What is a “wholesale failure” and when does it give rise to potential liability? Prior to charging a CISO for alleged “wholesale failures,” the SEC should find that each of the following factors was present (and clearly articulate them to provide clear guidance and reassurance to the CISO community):

  • Did the CISO make a good-faith effort to carry out their responsibilities? The SEC should decline to pursue charges where a CISO made a good-faith effort to develop an information security program or execute an incident response. In assessing whether a CISO acted in good faith, the SEC should look to the fundamentals of proactive compliance recently set out by Director of Enforcement Grewal: education, engagement, and execution. But the SEC’s analysis cannot be based on ex-post analysis of how well the CISO weighed risks and red flags against the functioning of the business; no institution will ever be without risk, and how risks are mitigated, addressed, or managed requires enterprise-wide judgments based on, among other things, an evaluation of business risk tailored to the organization’s different threats, vulnerabilities, and risk tolerances.
  • Did the alleged failure relate to a fundamental or central aspect of a well-run cybersecurity program at the company? Even where a CISO is alleged to have failed to act in good faith, that should not be considered a “wholesale failure” unless it relates to a fundamental or central aspect of a company’s cybersecurity program. For example, a CISO’s failure to stay informed about significant changes in the threat landscape might, depending on the circumstances, indicate a wholesale failure because it relates to a central aspect of cybersecurity program. 
  • Did the alleged failure persist over time, and did the CISO have multiple opportunities to cure the alleged failure? Even where there is an alleged failure to act in good faith that relates to a fundamental aspect of a cybersecurity program, the SEC should consider the extent to which that failure persisted over time and whether the CISO had opportunities to remediate it.
  • Did the SEC issue clear rules or guidance related to the alleged failure in advance of the time at which the alleged failure occurred? Individual CISO liability is inappropriate where reasonable minds could differ on the proper interpretation of regulatory expectations and what would constitute violative conduct.
  • Does charging the CISO help fulfill the SEC’s regulatory goals? An SEC charge, particularly against an individual, must always serve the SEC’s regulatory mission to protect investors.

Mitigating Factors

If the affirmative factors above suggest that charges against a CISO may be appropriate, the SEC should next consider mitigating factors weighing against liability.

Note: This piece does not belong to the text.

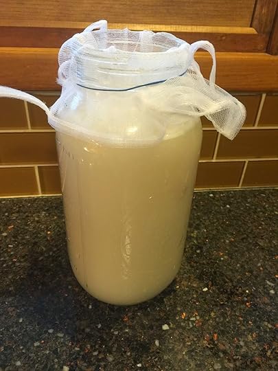 Next step is, rinse them and then blend them up with water and a half tsp or so of vanilla, maybe a few dates if you want to sweeten it a little. 4-1 water/nuts. Then, get out your giant mason jar, fit the nut sac inside of it. Fasten a rubber band around the rim, and pour your concoction in the bag.

  • Did the CISO timely and transparently escalate the issue to other stakeholders?  The fact that the CISO – having determined that a risk manifested or a breach occurred – actively raised the issue to security stakeholders like senior management and/or the board should weigh against personal liability.
  • Did structural or resource challenges hinder the CISO’s performance? A CISO cannot be expected to evaluate, educate, and execute a functioning program singlehandedly. CISOs require resources, cooperation from internal stakeholders, and decision-making authority, and the SEC should consider whether and how a company’s organizational structure affects that coordination or a CISO’s empowerment.


This CISO Framework would require the SEC to decline to pursue enforcement actions against a CISO where the CISO made good-faith efforts to fulfil their responsibilities. In light of the SEC’s recent charges in SEC vs. SolarWinds, we think this CISO Framework would instil greater transparency, accountability, and predictability in the way the SEC contemplates charging CISOs – something the CISO community needs and deserves.